Hacker Newsnew | past | comments | ask | show | jobs | submitlogin

I tried doing some vibe coding on a greenfield project (using gemini 2.5 pro + cline). On one hand - super impressive, a major productivity booster (even compared to using a non-integrated LLM chat interface).

I noticed that LLMs need a very heavy hand in guiding the architecture, otherwise they'll add architectural tech debt. One easy example is that I noticed them breaking abstractions (putting things where they don't belong). Unfortunately, there's not that much self-retrospection on these aspects if you ask about the quality of the code or if there are any better ways of doing it. Of course, if you pick up that something is in the wrong spot and prompt better, they'll pick up on it immediately.

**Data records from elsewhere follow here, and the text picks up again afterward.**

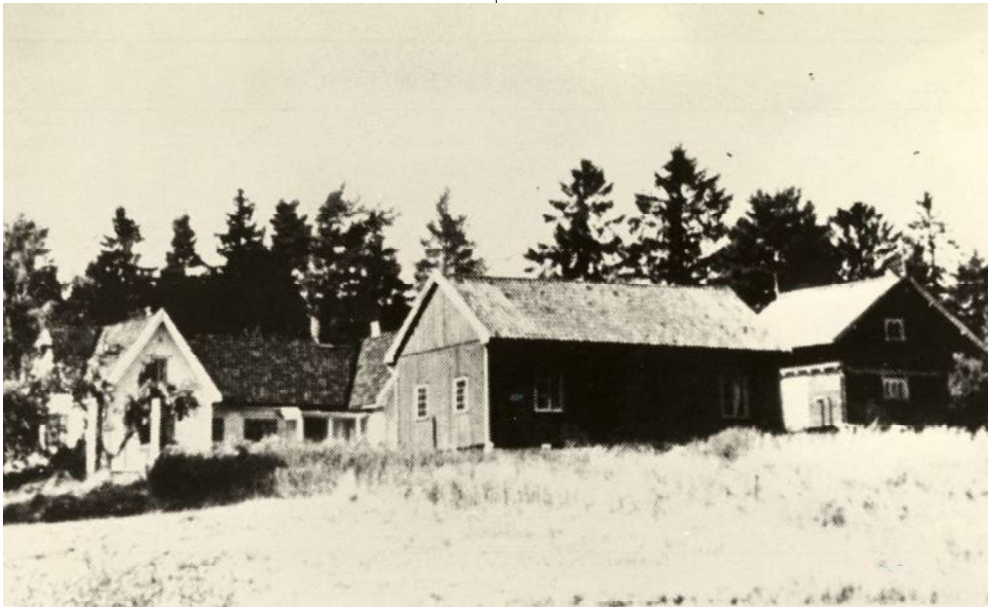
I 1823 ble bruk nr. 3, Jørgenslækken, utskilt og frikjøpt fra hovedbølet. På 1700-tallet var dette en husmannsplass under Oppsal gård. Jørgenslækken benevnes i folketellingen 1875 som Nordre Jørgenslækken, i folketellingen for 1891 som Oppsal Jørgenslækken. På kart og offentlige dokumenter fra 1915 og senere benyttes navnet Solbakken. Hovedhuset ble revet ca. 1990, uthus og stabbur tidligere.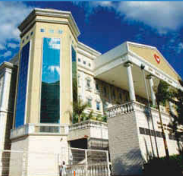
Igreja Universal do Reino de Deus Belo Horizonte | MG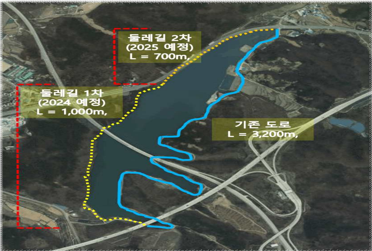
금석저수지 둘레길 조성사업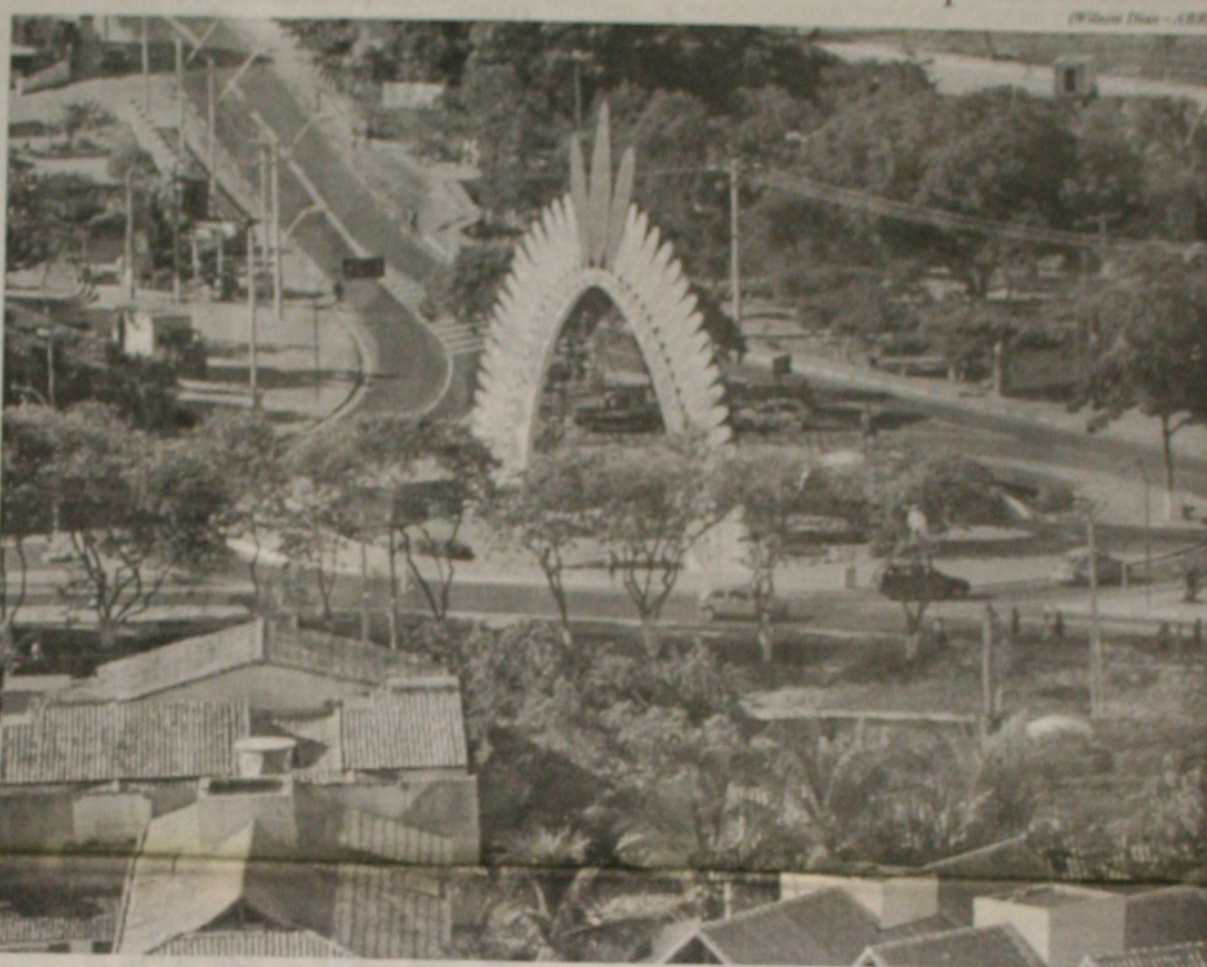
Em Porto Seguro, o clima ontem era tranquilo, apesar da decisão do MST de realizar os protestos sábado

no HPM. Até o final da tarde de ontem a Delegacia Especial de Homicídios (DEHOC) não havia sido informada oficialmente sobre o homicídio. Mas segundo familiares da vítima, o soldado, que estava lotado no Batalhão da PM em Itabaiana, na região Agreste do Estado, bebia no bar com o colega, quando o assassino chegou ao local num Voyage branco e iniciou os disparos, sem que o militar pudesse esboçar qualquer reação. (Página 5A)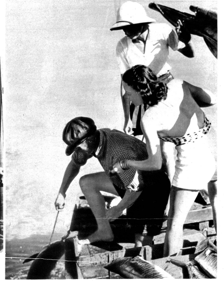
Makrelenfang vom Boot aus. Diese Fische sind bis zu 50 Pfund schwer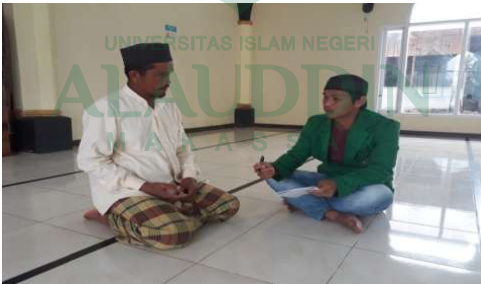
Wawancara dengan Attu, (Imam Masjid)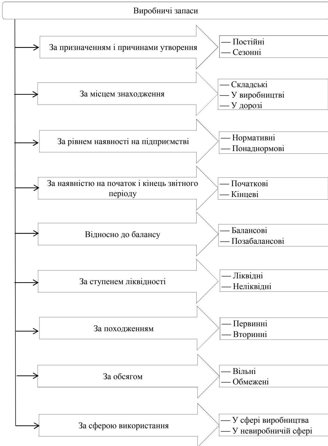
Рис. 2. Класифікація виробничих запасів

За призначенням і причинами утворення науковці поділяють виробничі запаси на постійні і сезонні. Постійні – це частина виробничих і товарних запасів, що забезпечують безперервність виробничого процесу між двома черговими поставками. Сезонні – запаси, що утворюються при сезонному виробництві продукції чи при сезонному транспортуванні.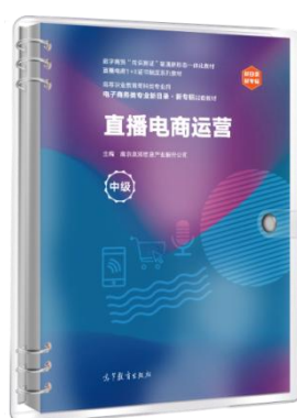
直播电商运营（中级）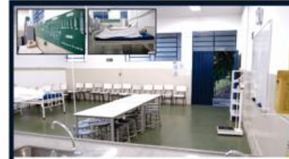
LABORATÓRIO DE ENFERMAGEM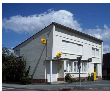
Canaples, poste, 1955 et vers 1970. IVR22_20098000223XA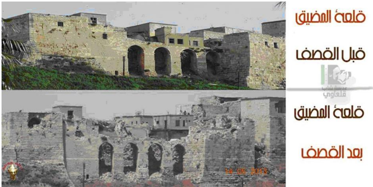
FIGURA 1. Antes y después de Qalat al-Mudiq, la parte medieval de/Apamea del orontes Se aprecia que es una foto pro-régimen oficialista, por la bandera que emplean en el lateral.

2. En Alepo, la ciudadela construida por Saladino se vio afectada por fuego de mortero y armas automáticas. Los rebeldes defienden la tesis de que los disparos provenían de armas accionadas por las fuerzas del régimen 12 . Sin embargo, nuestras informaciones apuntan a una destrucción compartida a lo largo de muchos meses.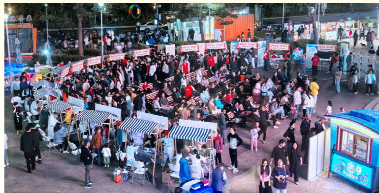
金山区中西医结合医院首场中医市集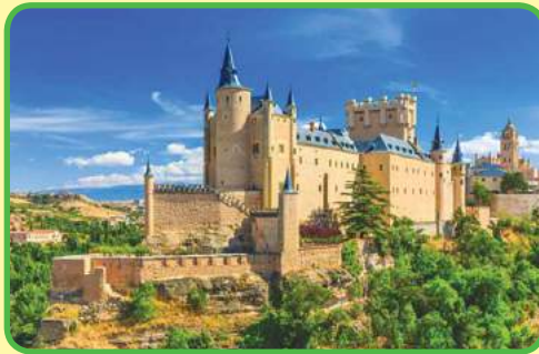
El Alcázar de Segovia empezó como la fortaleza árabe.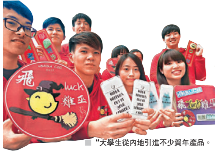
“華仁雞公仔”約十吋高，每隻賣148港元。

香港文匯報訊 據大公報報道，維園年宵將於星期日(22日)開鑼，來年是雞年，“雞抱枕”、“雞公仔”、“雞風車”、“雞揮春”遍佈全場，華仁仔攤檔更推出“雞版華仁仔”。不過，年輕人創意怎可能止於“雞”，一句觸動人心的歌詞、潮語，又或文藝短語，都成為設計泉源。年宵已成為一班年輕創業先鋒的練兵場。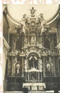
El retablo después de 1940.

A lo largo del tiempo el retablo tuvo una serie de transformaciones, tanto en el sistema de anclaje, como en el sistema decorativo pictórico y escultórico.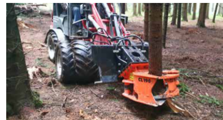
Woodcracker® La CL190 corta madera débil de hasta 25 cm.

Los datos técnicos y las ilustraciones no son vinculantes. Están sujetos a cambios por motivos de desarrollo posterior.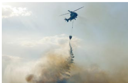
Super Puma impegnato in un'operazione di spegnimento.

La protezione dello spazio aereo comprende la difesa aerea nel peggior caso immaginabile – il conflitto bellico. Fanno parte della protezione dello spazio aereo anche il servizio di polizia aerea che garantisce la sovranità del nostro Paese nella terza dimensione, per esempio sorvegliando e imponendo zone di divieto di volo in occasione di importanti manifestazioni, quali il World Economic Forum (WEF) oppure EURO 08.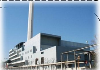
煙突は高さ130メートル

*個人見学会(9月以降は問い合わせを) 7月22日(土)13時30分~15時 8月26日(土)13時30分~15時 見学日の2日前までに電話でお申し込みください。先着50名。 *団体見学(10名以上) 受付開始時期をホームページで確認の上 見学希望日の1週間前までに電話でお申し込みください。 http://www.union.tokyo23-seisou.lg.jp 申込先電話:03-3302-2592 備考:バリアフリー対応相談可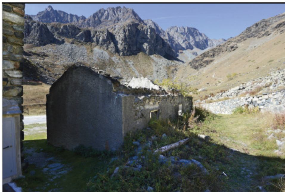
Il fabbricato oggetto di intervento: prospetti ESE e NNE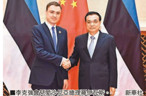
李克強會見愛沙尼亞總理羅伊瓦斯。

香港文匯報訊 據中通社報道，國務院總理李克強24日上午在蘇州分別會見出席第四次中國—中東歐國家領導人會晤的愛沙尼亞總理羅伊瓦斯、波蘭總統杜達和斯洛文尼亞總理采拉爾。另據新華網報道，結束與羅伊瓦斯會談後，李克強當即對國家發改委主任徐紹史表示，要迅速與泛波羅的海鐵路聯盟對接，加快推進波羅的海鐵路項目建設。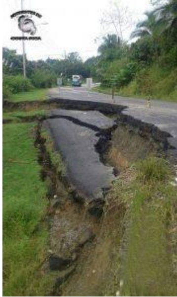
Hundimiento de carretera en la zona Sur (Golfito)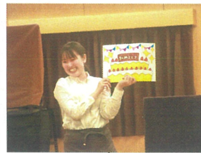
先生と一緒に ケーキを作りました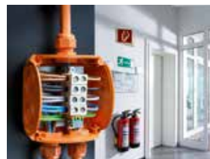
mit Isolations- und Funktionserhalt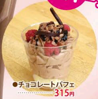
●チョコレイトパフェ 315円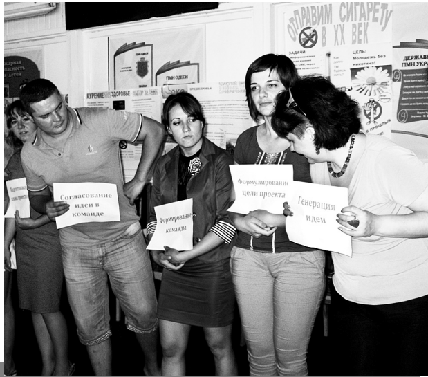
Семінар-тренінг для молоді, станція Бугаз, 2014 р.

Рада профспілки надала можливість лідерам молодіжних рад усіх рівнів отримати нові знання, систематизувати уже наявну інформацію, обмінятися ідеями та поділитися досягненнями, організувавши семі-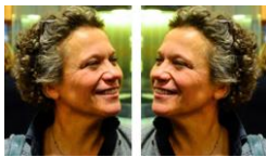
Meer informatie de website .

Van veranderen heeft ze haar vak gemaakt. Met haar stijl en energie verrast ze, geeft ze diepere inzichten en neemt ze je mee naar jouw eigen toekomst.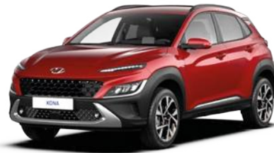
Pulse Red Pearl (Y2R)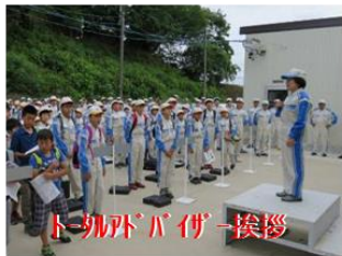
トヨタバザー挨拶

120名の参加者を迎え、指導員、スタッフ、保護者全員で盛大に開催。これからの活動への決意を誓い合いました。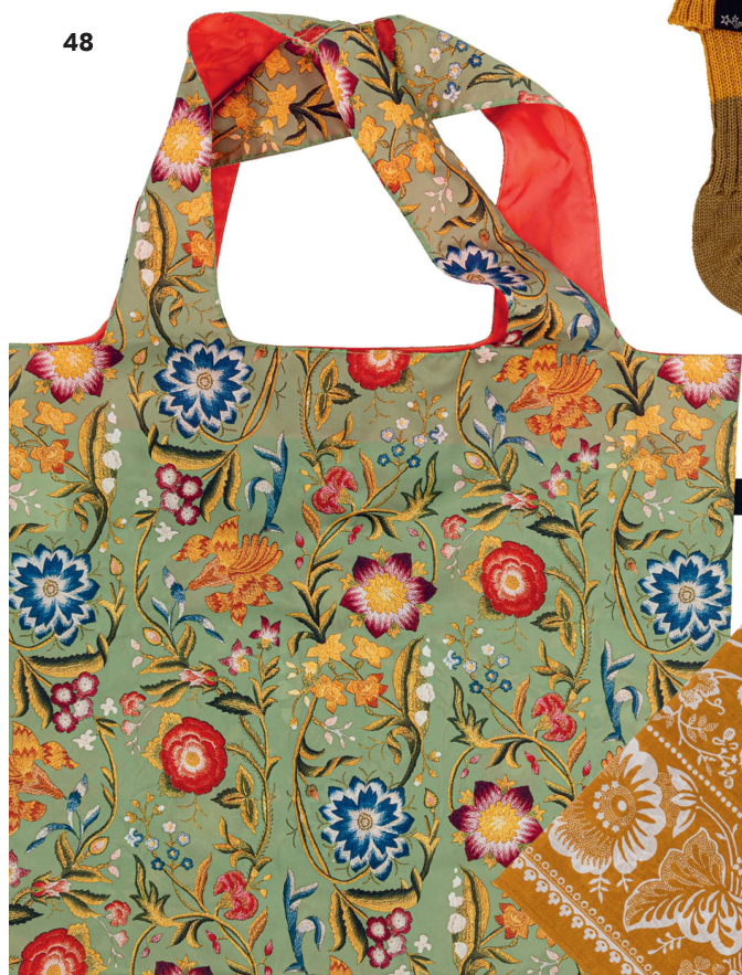
Tasche faltbar: Blumenmuster Aus der Sammlung Schweizerisches Nationalmuseum, Loqi «limited edition»/CHF 18.50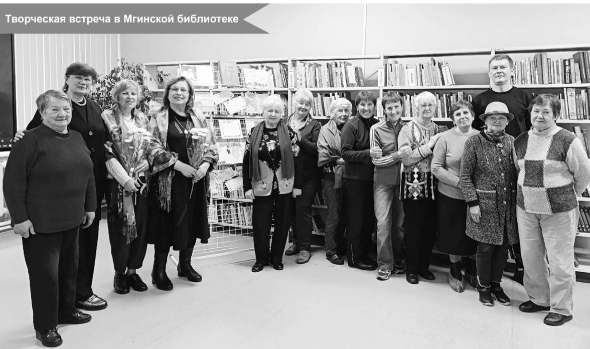
Творческая встреча в Мгинской библиотеке

Финалом встречи стало приятное известие: принято решение установить памятник Юрию Слепухину. Проект уже готов, причём окончательный вариант скульптор создал именно после прочтения «аргентинской диллогии». Завершилось мероприятие общим фото на память.

I also ended up blowing through $15 of LLM tokens in a single evening. (Previously, as a heavy LLM user including coding tasks, I was averaging maybe $20 a month.)



> I also ended up blowing through $15 of LLM tokens in a single evening.

This is a feature, not a bug. LLMs are going to be the next "OMG my AWS bill" phenomenon.


Cline very visibly displays the ongoing cost of the task. Light edits are about 10 cents, and heavy stuff can run a couple of bucks. It's just that the tab accumulates faster than I expect.


> Light edits are about 10 cents

Some well-paid developers will excuse this with, "Well if it saved me 5 minutes, it's worth an order of magnitude than 10 cents".

Which is true, however there's a big caveat: Time saved isn't time gained.

You can "Save" 1,000 hours every night, but you don't actuall get those 1,000 hours back.


> You can "Save" 1,000 hours every night, but you don't actuall get those 1,000 hours back.

What do you mean?

If I have some task that requires 1000 hours, and I'm able to shave it down to one hour, then I did just "save" 999 hours -- just in the same way that if something costs $5 and I pay $4, I saved $


My point is that saving 1,000 hours each day doesn't actually give you 1,000 hours a day to do things with.

You still get your 24 hours, no matter how much time you save.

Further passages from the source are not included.